* **SUPPLIED MATERIAL**

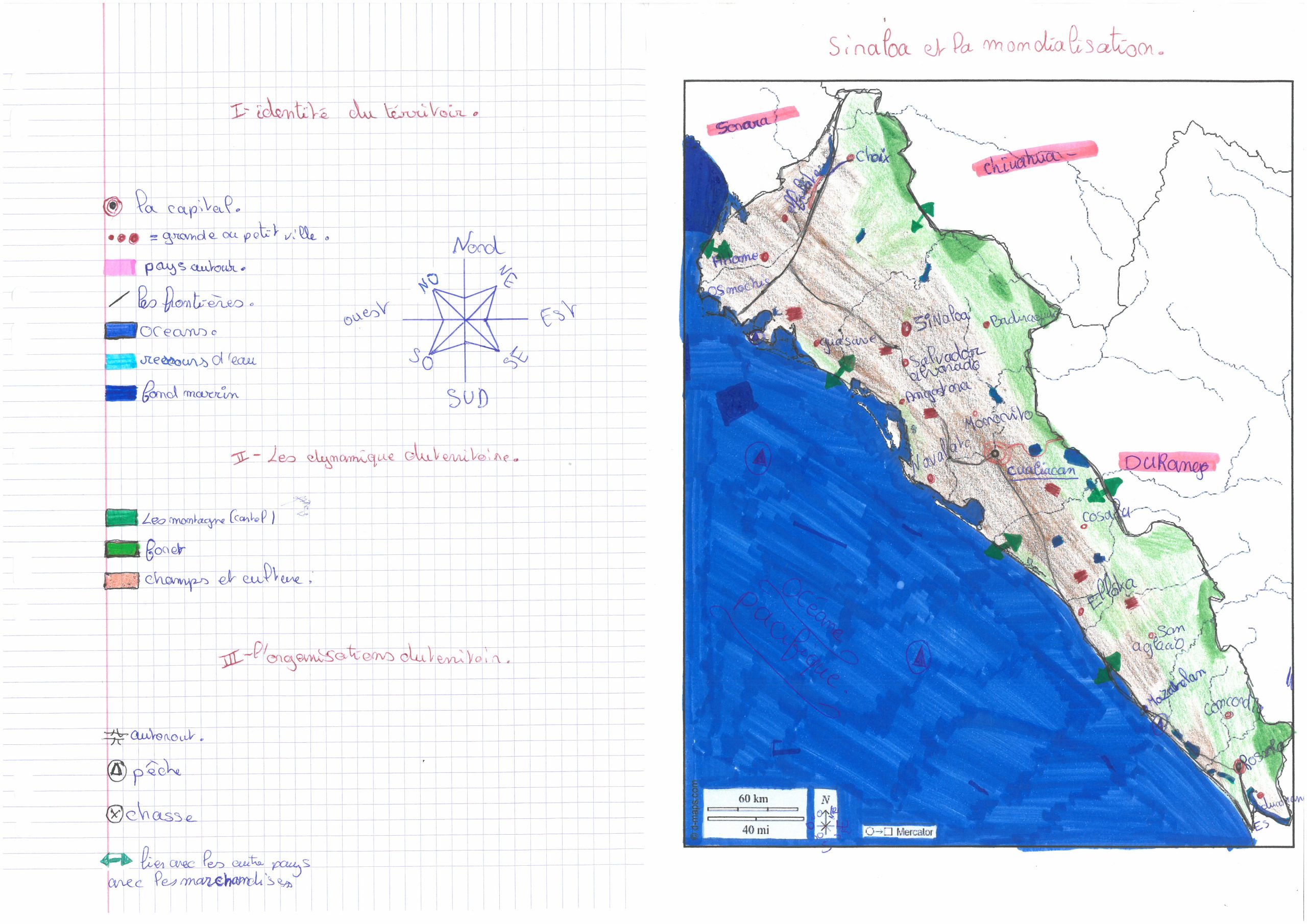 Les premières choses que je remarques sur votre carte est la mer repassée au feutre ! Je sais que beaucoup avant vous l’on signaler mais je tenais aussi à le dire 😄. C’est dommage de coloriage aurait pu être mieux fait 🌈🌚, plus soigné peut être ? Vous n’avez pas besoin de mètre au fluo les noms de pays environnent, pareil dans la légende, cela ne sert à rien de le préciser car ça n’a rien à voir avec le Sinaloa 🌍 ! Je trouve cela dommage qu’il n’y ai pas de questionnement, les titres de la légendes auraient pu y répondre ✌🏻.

---

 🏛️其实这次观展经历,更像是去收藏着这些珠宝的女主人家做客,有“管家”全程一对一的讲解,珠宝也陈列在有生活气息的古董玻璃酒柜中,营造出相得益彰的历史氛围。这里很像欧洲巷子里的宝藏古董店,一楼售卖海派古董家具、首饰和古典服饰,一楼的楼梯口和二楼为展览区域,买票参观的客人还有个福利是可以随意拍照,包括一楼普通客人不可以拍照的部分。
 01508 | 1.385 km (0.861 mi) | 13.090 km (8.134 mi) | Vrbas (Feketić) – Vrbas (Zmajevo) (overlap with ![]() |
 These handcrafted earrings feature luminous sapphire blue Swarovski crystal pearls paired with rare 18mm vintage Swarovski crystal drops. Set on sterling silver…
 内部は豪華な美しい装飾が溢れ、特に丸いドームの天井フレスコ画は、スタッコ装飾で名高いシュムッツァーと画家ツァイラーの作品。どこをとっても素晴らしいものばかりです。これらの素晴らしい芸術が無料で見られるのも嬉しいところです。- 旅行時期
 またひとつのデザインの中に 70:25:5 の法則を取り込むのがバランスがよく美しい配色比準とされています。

* **WORK INSTRUCTION**
Lines wanted from the listing above: the line with "内部は豪華な美しい装飾が溢れ" up to and including the line with "またひとつのデザインの中に 70:25:5 の法則を取り込むのがバランスがよく美しい配色比準とされています。". Please write them out exactly, adding nothing else.

* **SOLVED EXERCISE**
 内部は豪華な美しい装飾が溢れ、特に丸いドームの天井フレスコ画は、スタッコ装飾で名高いシュムッツァーと画家ツァイラーの作品。どこをとっても素晴らしいものばかりです。これらの素晴らしい芸術が無料で見られるのも嬉しいところです。- 旅行時期
 またひとつのデザインの中に 70:25:5 の法則を取り込むのがバランスがよく美しい配色比準とされています。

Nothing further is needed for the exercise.